▸ Directions
In the material below, the lines between the one holding "Japanese title: プレシャスメモリーズ/SR/キャラクター/赤/ポプテピピック" and the one holding "The slicing of", inclusive, are to be set down word for word. Pictures stay out.

▸ Data under study
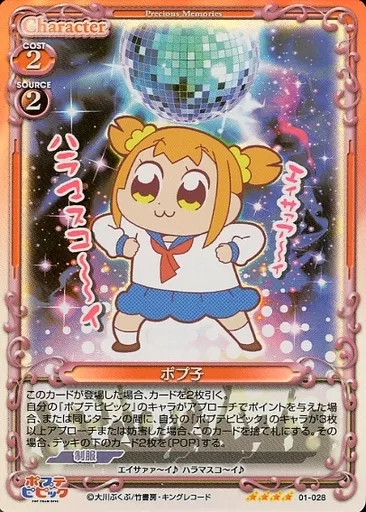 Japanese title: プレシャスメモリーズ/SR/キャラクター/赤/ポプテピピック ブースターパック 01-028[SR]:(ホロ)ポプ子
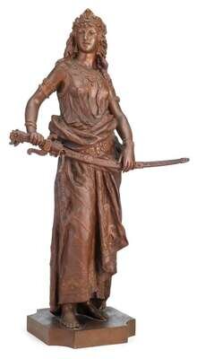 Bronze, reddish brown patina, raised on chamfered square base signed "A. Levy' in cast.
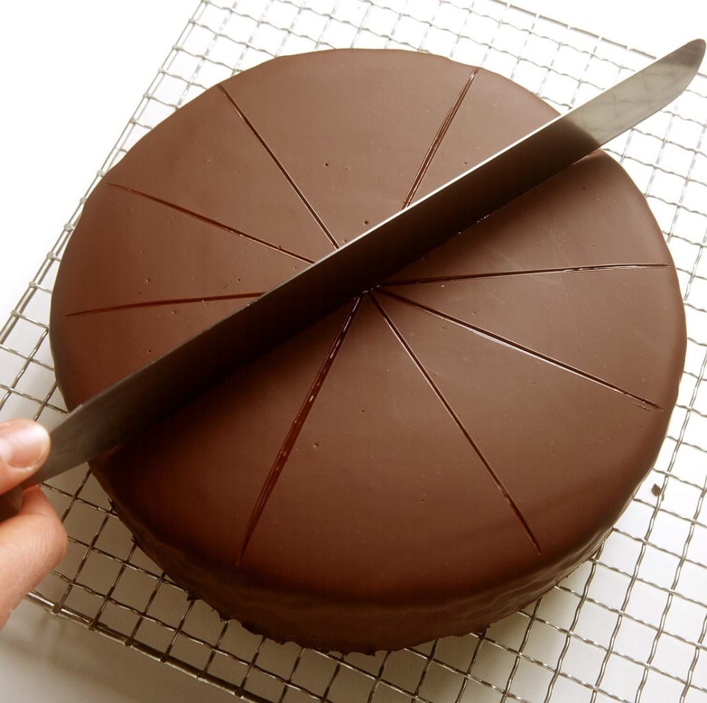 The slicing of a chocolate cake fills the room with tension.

...

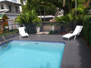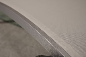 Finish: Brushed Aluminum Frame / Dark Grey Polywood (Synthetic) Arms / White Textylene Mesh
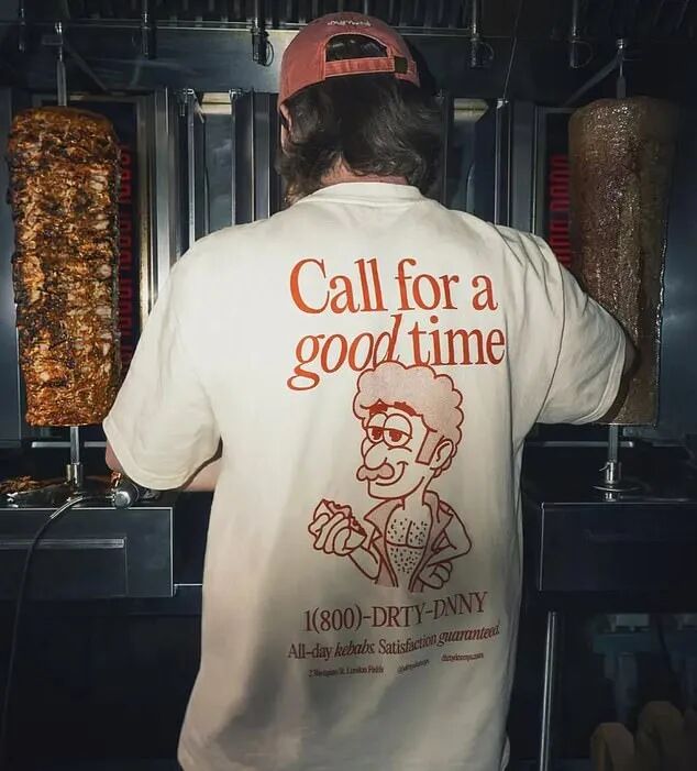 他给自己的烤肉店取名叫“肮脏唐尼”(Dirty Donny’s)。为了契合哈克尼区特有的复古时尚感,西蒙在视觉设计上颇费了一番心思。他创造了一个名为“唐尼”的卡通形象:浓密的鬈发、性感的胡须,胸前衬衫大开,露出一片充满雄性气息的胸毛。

▸ Problem solution
 Japanese title: プレシャスメモリーズ/SR/キャラクター/赤/ポプテピピック ブースターパック 01-028[SR]:(ホロ)ポプ子
 Bronze, reddish brown patina, raised on chamfered square base signed "A. Levy' in cast.
 The slicing of a chocolate cake fills the room with tension.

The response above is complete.